2. Die Situation der DDR-Zwangsdopinggeschädigten hat sich in den vergangenen zehn Jahren im Hinblick auf ihre Gesamtlebenssituation dramatisch verschlechtert. Eine öffentlich finanzierte Beratungs- und Anlaufstelle für Dopinggeschädigte haben die Betroffenen seit langem vergeblich gefordert und ist umso zwingender notwendig.
3. Für die irreversiblen Schädigungen der DDR-Zwangsdopinggeschädigten gilt es, einen gesetzlich verankerten Rentenanspruch zu formulieren.

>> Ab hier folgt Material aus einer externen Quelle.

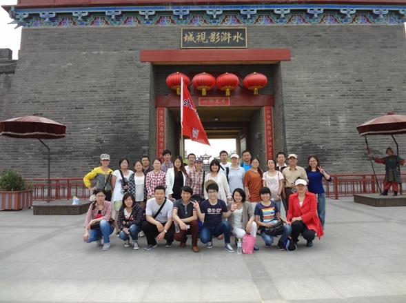 下午14:00,在泛舟東湖之后我們來(lái)到電視劇新版《水滸傳》的拍攝基地水滸影視城,在導(dǎo)帶領(lǐng)大家參觀了東平府、拜訪了武大郎家,路過(guò)了武大郎第一次遇到潘金蓮的二層小樓,觀賞了當(dāng)?shù)貞虬嘧颖硌莸穆短鞈蚯岔懥似砀g?,就差一套古代的服裝了,否則我們是真真的穿越到了水滸古鎮(zhèn)。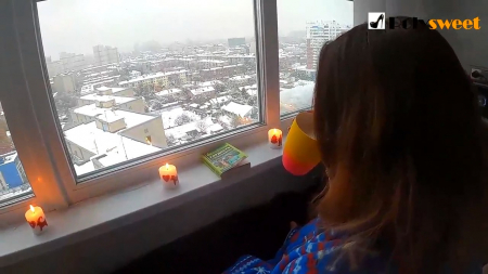 Пухлая девушка заранее постелила на пол какую-то дубленку, расставила зажженные свечи по подоконнику и села рядом, начав читать книжку. Романтическую обстановку под спокойную музыку разбавил ее партнер, очень похожий на пидорка (это не голословные заявления, можете убедиться сами). Долго размусоливать голый чувак не стал и сразу поставил подружку рачком перед пространством между окном и кроватью, приступив ее трахать сзади. Чуть позже он поднял ее на ноги, она все также была загнута и присела лишь для того, чтобы ей надрочили на сиськи пару капель.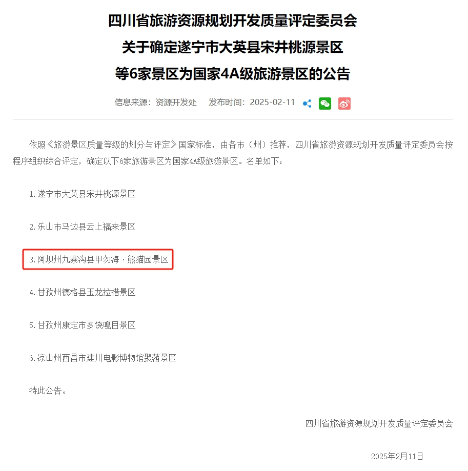 近日,四川省旅游資源規(guī)劃開發(fā)質(zhì)量評定委員會發(fā)布公告,遂寧市宋井桃源景區(qū)、樂山市馬邊縣云上福來景區(qū)、阿壩州九寨溝縣甲勿海·熊貓園景區(qū)、甘孜州德格縣玉龍拉措景區(qū)、甘孜州康定市多饒嘎目景區(qū)以及涼山州西昌市建川電影博物館聚落景區(qū)已順利通過公示期,并正式確認(rèn)為國家4A級旅游景區(qū)。

4. Regionale Medien in den neuen Bundesländern haben die notwendige Aufklärung gegenüber den Betroffenen im DDR-Sport größtenteils gezielt verweigert. Diese Informationsdefizite sind auszugleichen.
5. Informationsdefizite dieser Art beziehen sich ebenso auf öffentliche Verwaltungen und Einrichtungen des Bundes und führen nicht selten zu Retraumatisierungen der Betroffenen. Diese Lücken sind auf institutioneller Ebene dringend zu beheben.
6. Medial wird nicht selten der Eindruck vermittelt, das DDR-Sportsystem sei umfänglich aufgearbeitet. Wesentliche Aspekte, die insbesondere auf praktizierte Menschenversuche zielen, sind jedoch unbetrachtet geblieben. Fundierte Forschungen etwa zum illegalen Leipziger Dopinginstitut FKS fehlen genauso wie wissenschaftliche Arbeiten zur Verstrickung der Sportclubs und der Sportmedizin in das DDR-Dopingsystem.
7. Die vom Sport aktuell anberaumte Studie zur Dopingaufarbeitung in Ost und West muss insbesondere von nicht dopingsozialisierten Experten erstellt werden.
8. Zur Entwicklung wirksamer Therapien und sinnvoller Präventionsmaßnahmen sind von Dopinggeschädigten seit langem differenzierte Analysen von Sportschäden bzw. eine Langzeitstudie zu Krankheitsverläufen gefordert worden. Hier besteht nach wie vor dringender Handlungsbedarf.
Die zu erwartende Zukunftsformel in Sachen Doping für Gesellschaft und Sport lautet: Die Zahl seiner Opfer wird exponential steigen. Persilscheine für das DDR-Zwangssystem und den BRD-Systemzwang sind das stärkste Indiz dafür, dass Sport und Politik dem Zeitgeist hinterhinken. Ein sauberer Sport ist keine Hexerei. Er braucht keine Zauberformeln. Man muss sich für ihn entscheiden und ihn dann realisieren.
Unterzeichnende:
u. a. Ute Krieger-Krause, Andreas Krieger, Uwe Trömer, Bernd Richter, Karen König, Brigitte Michel, Bernd Michel, Dagmar Kersten, Marie-Katrin Kanitz, Yvonne Gebhardt, Ines Geipel.